▶ [DATASET]

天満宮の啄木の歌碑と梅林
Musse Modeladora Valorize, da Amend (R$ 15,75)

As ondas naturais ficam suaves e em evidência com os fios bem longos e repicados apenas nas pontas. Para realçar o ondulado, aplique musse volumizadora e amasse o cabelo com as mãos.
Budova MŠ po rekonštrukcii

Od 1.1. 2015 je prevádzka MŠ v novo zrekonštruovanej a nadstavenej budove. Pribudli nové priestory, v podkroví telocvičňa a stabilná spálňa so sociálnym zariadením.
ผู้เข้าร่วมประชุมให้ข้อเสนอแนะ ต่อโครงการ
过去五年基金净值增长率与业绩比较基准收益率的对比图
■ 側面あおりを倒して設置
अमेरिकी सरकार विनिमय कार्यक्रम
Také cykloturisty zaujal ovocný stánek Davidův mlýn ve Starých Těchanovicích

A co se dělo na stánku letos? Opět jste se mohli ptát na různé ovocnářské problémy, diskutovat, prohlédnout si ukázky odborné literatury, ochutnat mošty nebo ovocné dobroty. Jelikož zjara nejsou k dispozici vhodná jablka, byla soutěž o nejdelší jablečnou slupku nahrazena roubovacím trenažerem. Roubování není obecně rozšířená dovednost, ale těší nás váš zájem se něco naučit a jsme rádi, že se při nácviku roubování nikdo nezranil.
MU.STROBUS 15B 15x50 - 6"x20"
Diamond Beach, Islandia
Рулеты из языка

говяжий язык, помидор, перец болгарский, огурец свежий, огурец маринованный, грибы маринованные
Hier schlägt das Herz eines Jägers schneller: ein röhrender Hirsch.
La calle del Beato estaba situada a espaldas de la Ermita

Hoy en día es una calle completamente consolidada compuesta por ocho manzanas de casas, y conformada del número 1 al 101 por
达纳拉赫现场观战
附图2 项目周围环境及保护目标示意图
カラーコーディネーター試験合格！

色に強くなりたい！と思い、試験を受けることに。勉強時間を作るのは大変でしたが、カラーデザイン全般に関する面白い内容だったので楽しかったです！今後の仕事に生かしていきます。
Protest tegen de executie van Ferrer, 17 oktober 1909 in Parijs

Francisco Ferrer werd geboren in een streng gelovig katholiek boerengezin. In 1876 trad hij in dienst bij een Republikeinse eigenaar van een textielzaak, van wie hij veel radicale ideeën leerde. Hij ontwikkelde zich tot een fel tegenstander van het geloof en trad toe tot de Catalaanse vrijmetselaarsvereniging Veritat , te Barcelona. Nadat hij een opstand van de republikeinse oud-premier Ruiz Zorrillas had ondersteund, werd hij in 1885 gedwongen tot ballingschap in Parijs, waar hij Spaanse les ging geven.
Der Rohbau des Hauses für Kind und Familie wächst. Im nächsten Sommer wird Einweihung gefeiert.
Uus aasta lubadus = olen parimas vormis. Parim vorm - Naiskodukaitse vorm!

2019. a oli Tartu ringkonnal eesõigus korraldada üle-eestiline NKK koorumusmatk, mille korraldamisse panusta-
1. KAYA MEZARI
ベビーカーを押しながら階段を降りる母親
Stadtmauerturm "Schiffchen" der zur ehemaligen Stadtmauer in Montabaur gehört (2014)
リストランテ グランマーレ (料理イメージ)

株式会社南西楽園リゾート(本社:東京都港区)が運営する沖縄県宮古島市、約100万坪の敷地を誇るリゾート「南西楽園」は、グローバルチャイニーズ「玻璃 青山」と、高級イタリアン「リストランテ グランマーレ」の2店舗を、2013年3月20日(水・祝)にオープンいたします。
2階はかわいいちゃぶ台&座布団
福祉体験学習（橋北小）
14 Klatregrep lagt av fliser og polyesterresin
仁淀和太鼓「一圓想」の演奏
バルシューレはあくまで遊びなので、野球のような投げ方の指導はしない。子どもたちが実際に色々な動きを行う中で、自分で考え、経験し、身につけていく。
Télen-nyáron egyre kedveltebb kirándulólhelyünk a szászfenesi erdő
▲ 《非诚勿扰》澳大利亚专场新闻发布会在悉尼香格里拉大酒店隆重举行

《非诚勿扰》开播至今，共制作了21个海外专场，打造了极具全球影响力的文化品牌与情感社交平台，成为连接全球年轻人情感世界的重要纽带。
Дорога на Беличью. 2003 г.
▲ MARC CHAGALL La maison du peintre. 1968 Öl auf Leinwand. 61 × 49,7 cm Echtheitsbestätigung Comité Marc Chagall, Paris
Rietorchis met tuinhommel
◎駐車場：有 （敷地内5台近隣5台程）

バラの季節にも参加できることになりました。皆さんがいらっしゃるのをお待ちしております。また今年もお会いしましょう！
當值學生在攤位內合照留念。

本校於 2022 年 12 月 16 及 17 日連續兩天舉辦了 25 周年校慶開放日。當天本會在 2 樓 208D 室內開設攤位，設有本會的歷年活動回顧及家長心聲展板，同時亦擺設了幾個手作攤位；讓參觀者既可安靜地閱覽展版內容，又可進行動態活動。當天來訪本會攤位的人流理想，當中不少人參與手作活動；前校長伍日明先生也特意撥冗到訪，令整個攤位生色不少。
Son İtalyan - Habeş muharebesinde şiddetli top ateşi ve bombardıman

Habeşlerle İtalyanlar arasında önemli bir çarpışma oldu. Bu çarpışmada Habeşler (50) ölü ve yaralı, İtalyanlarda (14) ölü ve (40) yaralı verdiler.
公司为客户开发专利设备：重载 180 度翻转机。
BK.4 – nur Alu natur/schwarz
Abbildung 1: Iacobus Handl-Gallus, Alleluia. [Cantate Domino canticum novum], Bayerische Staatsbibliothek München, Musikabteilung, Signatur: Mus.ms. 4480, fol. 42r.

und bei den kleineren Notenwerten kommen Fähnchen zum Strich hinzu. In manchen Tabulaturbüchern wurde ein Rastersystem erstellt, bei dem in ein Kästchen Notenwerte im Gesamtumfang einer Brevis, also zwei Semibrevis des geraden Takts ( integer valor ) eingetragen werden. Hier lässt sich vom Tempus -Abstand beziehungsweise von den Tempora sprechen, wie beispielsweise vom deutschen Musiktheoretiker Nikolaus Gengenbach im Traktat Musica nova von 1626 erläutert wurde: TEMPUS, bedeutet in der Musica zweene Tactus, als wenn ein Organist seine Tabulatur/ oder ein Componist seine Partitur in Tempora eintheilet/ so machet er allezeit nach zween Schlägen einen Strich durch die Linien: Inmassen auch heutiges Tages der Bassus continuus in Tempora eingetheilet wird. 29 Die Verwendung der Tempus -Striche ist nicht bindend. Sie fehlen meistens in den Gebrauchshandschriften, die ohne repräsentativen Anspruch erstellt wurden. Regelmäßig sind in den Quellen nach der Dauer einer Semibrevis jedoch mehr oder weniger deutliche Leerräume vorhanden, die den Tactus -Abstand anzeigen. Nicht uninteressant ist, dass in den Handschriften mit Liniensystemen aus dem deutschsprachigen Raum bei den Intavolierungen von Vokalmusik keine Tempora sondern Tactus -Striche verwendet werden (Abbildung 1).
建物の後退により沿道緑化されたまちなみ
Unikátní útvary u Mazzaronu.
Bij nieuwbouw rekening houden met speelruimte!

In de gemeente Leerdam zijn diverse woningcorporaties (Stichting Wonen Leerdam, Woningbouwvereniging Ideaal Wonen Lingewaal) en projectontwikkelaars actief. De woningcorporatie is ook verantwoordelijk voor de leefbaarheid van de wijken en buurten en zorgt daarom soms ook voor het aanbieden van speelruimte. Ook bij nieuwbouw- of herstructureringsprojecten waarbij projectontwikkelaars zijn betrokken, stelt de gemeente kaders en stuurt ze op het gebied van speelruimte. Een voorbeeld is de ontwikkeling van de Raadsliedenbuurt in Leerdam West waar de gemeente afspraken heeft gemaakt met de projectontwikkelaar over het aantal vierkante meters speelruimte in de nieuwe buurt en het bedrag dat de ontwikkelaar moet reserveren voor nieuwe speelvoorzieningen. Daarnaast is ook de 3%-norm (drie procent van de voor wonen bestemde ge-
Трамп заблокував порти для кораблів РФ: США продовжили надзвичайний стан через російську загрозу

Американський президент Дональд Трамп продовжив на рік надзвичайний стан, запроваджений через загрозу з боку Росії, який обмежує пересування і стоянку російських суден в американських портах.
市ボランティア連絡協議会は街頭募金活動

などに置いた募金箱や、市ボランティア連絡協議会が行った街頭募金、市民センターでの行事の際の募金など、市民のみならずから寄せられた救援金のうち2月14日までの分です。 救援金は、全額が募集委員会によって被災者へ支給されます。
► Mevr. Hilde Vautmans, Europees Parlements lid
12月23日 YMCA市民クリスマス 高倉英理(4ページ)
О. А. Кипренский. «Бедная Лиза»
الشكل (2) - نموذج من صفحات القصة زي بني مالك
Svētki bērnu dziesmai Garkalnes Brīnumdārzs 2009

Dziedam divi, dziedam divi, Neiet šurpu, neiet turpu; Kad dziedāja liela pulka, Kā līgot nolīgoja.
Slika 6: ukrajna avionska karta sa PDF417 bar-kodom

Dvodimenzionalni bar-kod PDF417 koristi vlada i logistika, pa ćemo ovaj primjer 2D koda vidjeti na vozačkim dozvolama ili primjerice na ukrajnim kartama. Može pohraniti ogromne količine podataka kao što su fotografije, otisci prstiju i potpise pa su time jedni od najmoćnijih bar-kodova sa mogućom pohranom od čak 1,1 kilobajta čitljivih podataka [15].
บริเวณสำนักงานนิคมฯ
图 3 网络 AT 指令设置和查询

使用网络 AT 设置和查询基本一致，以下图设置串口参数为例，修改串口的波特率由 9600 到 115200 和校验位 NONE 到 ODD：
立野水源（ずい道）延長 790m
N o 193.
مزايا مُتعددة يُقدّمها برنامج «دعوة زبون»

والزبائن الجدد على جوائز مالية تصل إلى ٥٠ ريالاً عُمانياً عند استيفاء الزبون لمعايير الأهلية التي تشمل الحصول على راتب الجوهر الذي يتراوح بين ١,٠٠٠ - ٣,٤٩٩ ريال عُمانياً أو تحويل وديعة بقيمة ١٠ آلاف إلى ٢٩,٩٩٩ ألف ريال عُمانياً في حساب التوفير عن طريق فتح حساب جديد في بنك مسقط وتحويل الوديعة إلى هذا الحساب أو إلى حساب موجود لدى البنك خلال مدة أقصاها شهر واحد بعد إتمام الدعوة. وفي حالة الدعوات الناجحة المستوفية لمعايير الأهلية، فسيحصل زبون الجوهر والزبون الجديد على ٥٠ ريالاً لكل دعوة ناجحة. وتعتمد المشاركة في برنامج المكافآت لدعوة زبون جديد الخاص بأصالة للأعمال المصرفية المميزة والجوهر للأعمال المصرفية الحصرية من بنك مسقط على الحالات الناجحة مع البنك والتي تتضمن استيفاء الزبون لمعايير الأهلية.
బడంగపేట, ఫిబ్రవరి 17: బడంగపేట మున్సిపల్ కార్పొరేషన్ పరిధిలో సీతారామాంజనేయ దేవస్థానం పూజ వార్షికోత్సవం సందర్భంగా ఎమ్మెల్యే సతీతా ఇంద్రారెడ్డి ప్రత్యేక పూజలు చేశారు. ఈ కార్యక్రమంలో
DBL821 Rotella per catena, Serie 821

▶ [PROMPT] Using the listing, copy every line where the word "надзвичайний" shows up.

▶ [TASK RESPONSE]
Трамп заблокував порти для кораблів РФ: США продовжили надзвичайний стан через російську загрозу
Американський президент Дональд Трамп продовжив на рік надзвичайний стан, запроваджений через загрозу з боку Росії, який обмежує пересування і стоянку російських суден в американських портах.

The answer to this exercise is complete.